-- Directions --
Set down the data below in full, exactly as it reads, but without the pictures.

-- Dataset content --
######

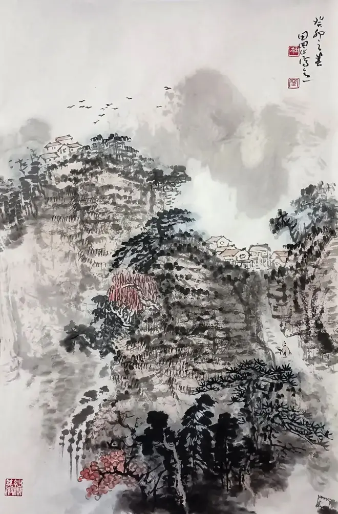 国画作品《山间雨意图》第7届全国美育成果展 全国高校美育成果展教师组二等奖
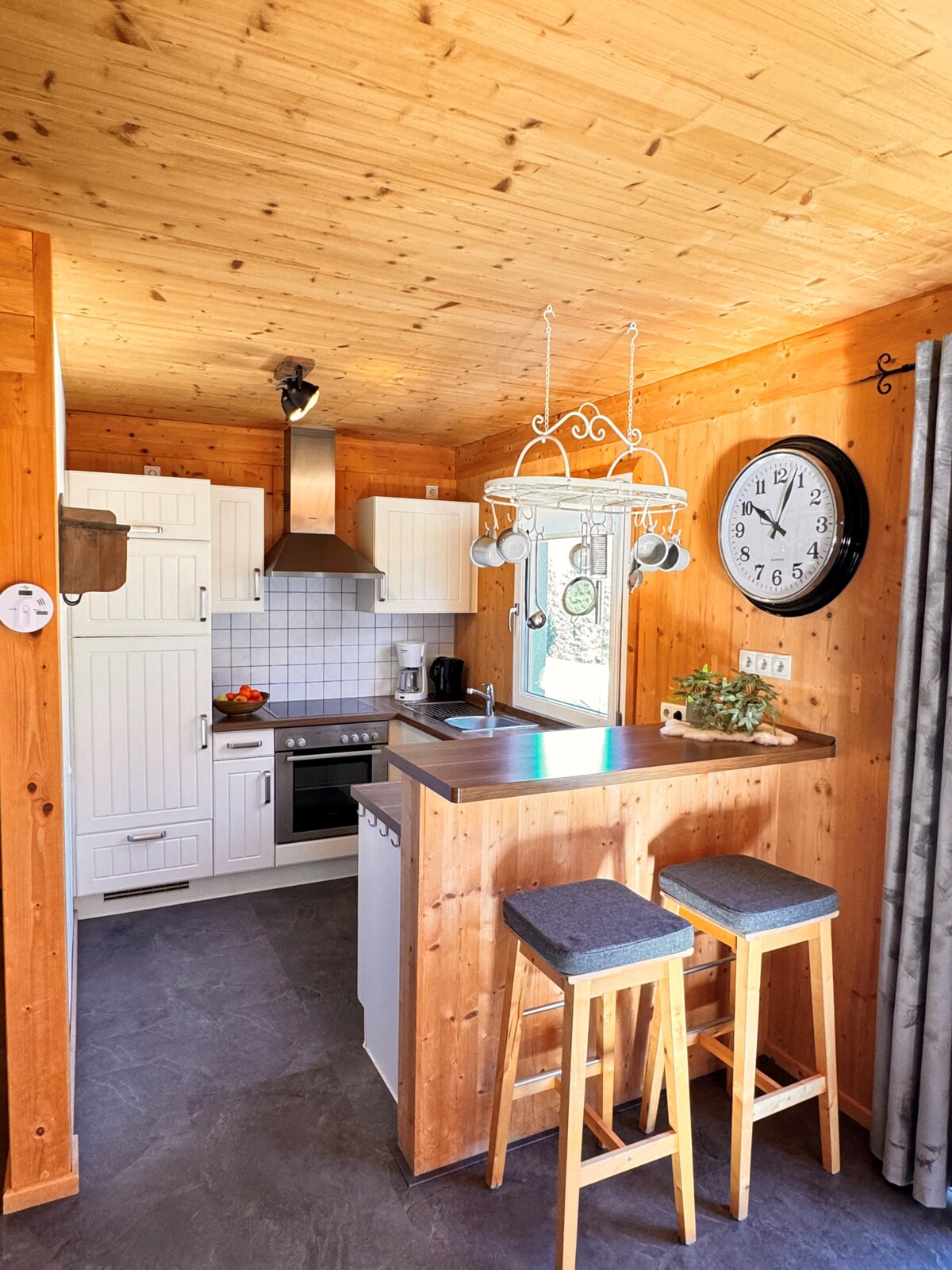 A shower as well as an extra washing facility are integrated. The special gem is our sauna, which is also located on this level. A cooking corner with a small kitchen cabinet, a hot plate, and the most important utensils are also ready for you. A few steps behind the house, a beautiful terrace awaits you for cozy, mild evenings. A staircase leads down to the stream. In the upper area is the bedroom with a double bed and the guest bed.
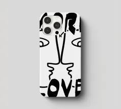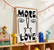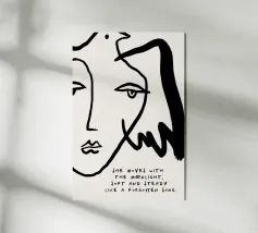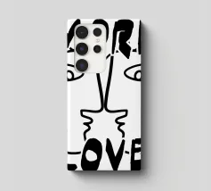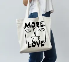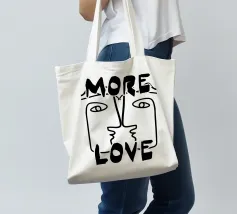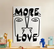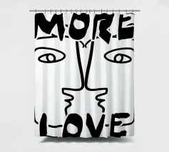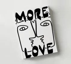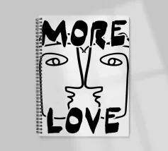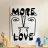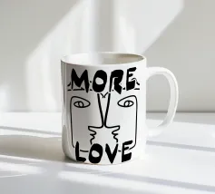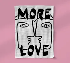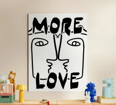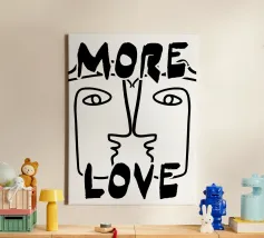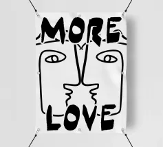 Linee nere decise formano una rappresentazione simmetrica e astratta di due volti, con la scritta "MORE LOVE" integrata nel design. Lo stile minimalista enfatizza il messaggio di affetto e connessione.
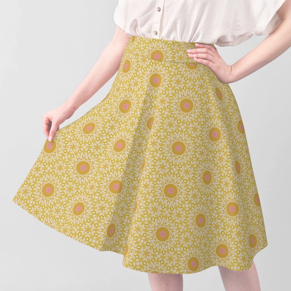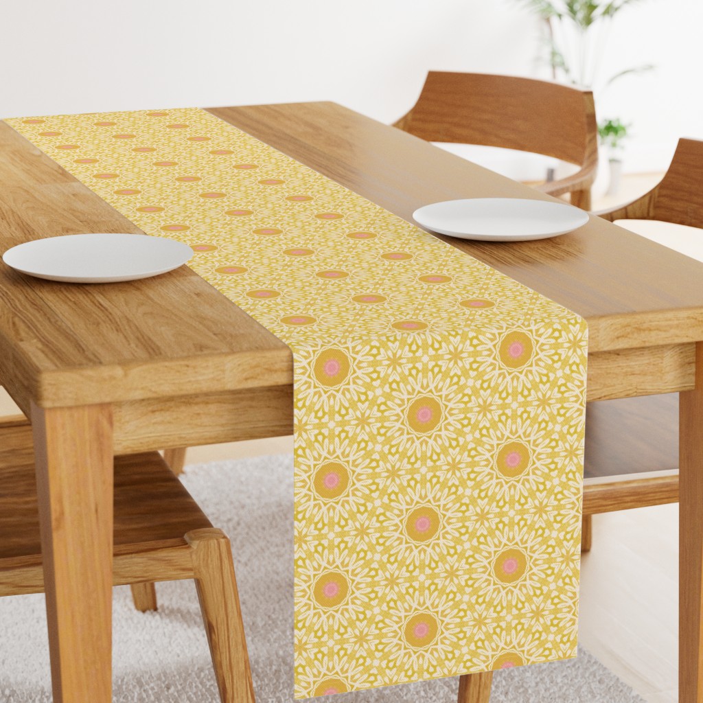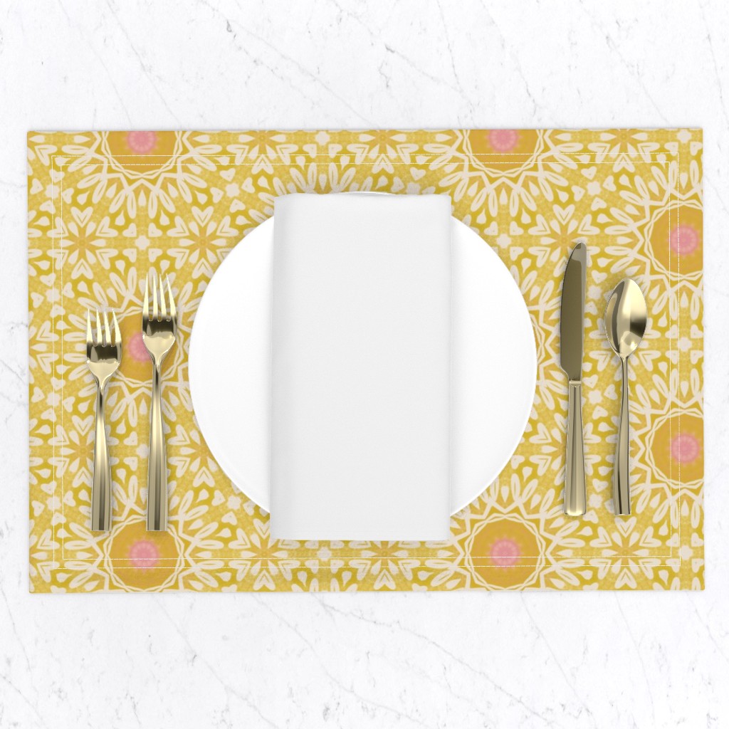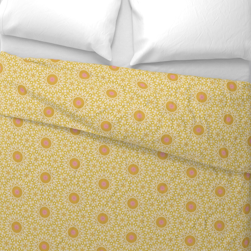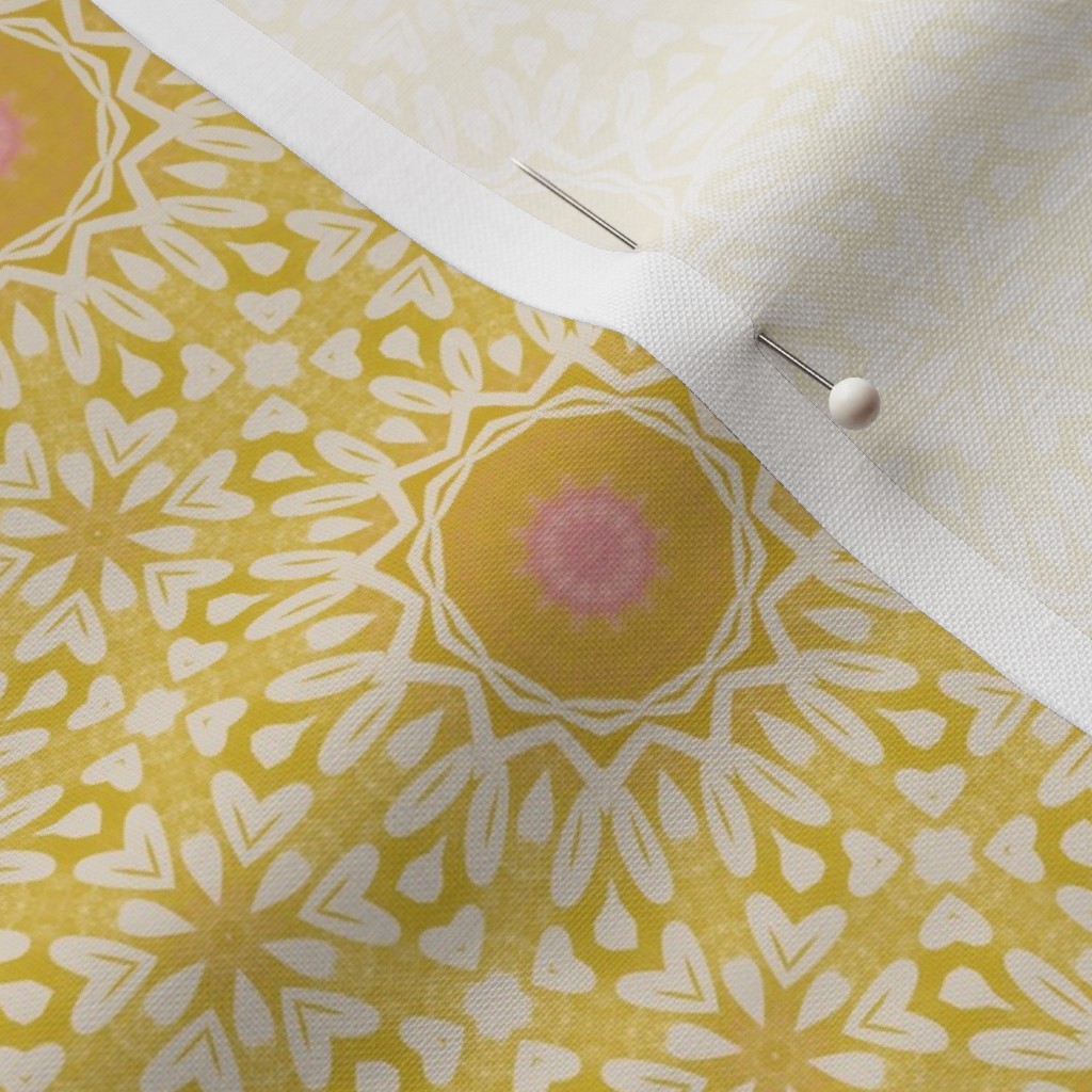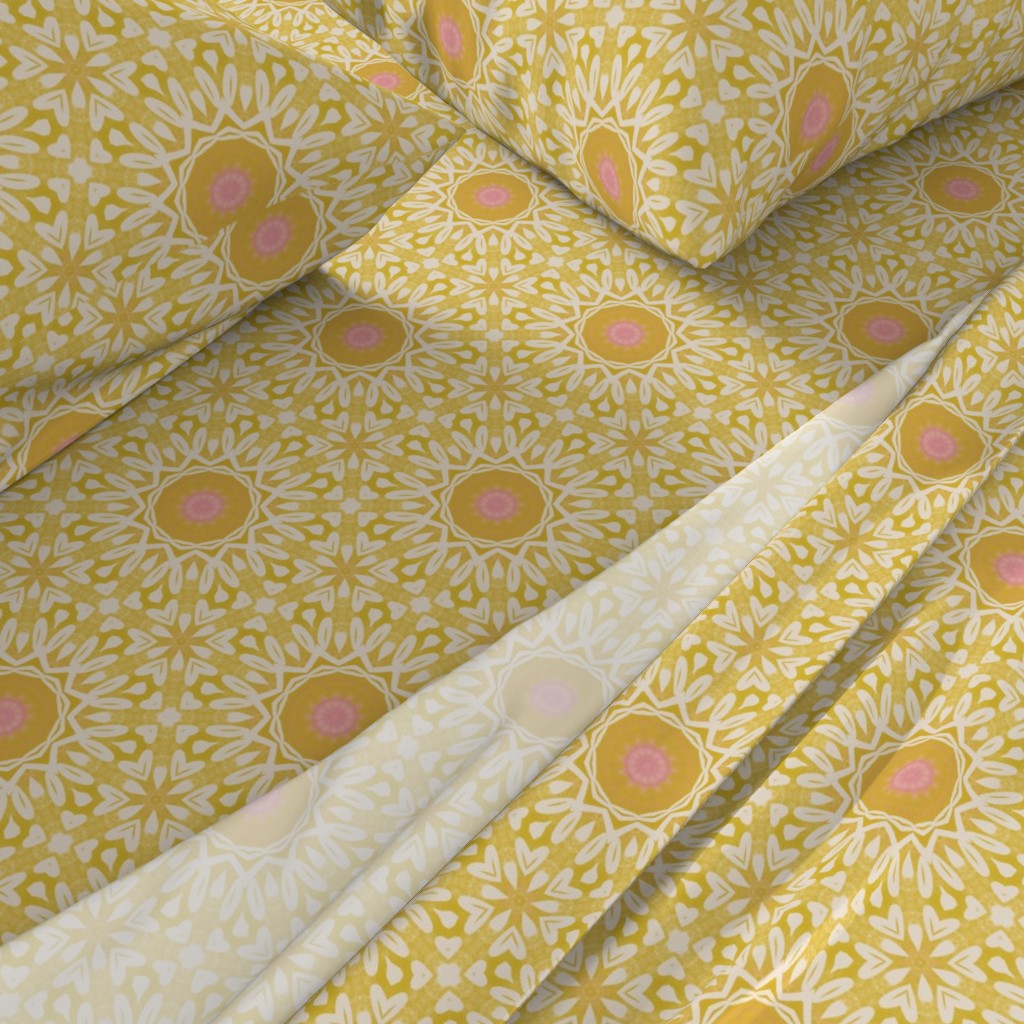 This is a sunny yellow bohemian geometric medallion pattern with beautiful washed yellows, pink centres and intricate white details. Modern, stylish and cheerful. Ideal for brightening a space and adding a touch of joy to it. Whether it is your home office, your bedroom, or else.

######

-- Written response --
 国画作品《山间雨意图》第7届全国美育成果展 全国高校美育成果展教师组二等奖
 A shower as well as an extra washing facility are integrated. The special gem is our sauna, which is also located on this level. A cooking corner with a small kitchen cabinet, a hot plate, and the most important utensils are also ready for you. A few steps behind the house, a beautiful terrace awaits you for cozy, mild evenings. A staircase leads down to the stream. In the upper area is the bedroom with a double bed and the guest bed.
 Linee nere decise formano una rappresentazione simmetrica e astratta di due volti, con la scritta "MORE LOVE" integrata nel design. Lo stile minimalista enfatizza il messaggio di affetto e connessione.
 This is a sunny yellow bohemian geometric medallion pattern with beautiful washed yellows, pink centres and intricate white details. Modern, stylish and cheerful. Ideal for brightening a space and adding a touch of joy to it. Whether it is your home office, your bedroom, or else.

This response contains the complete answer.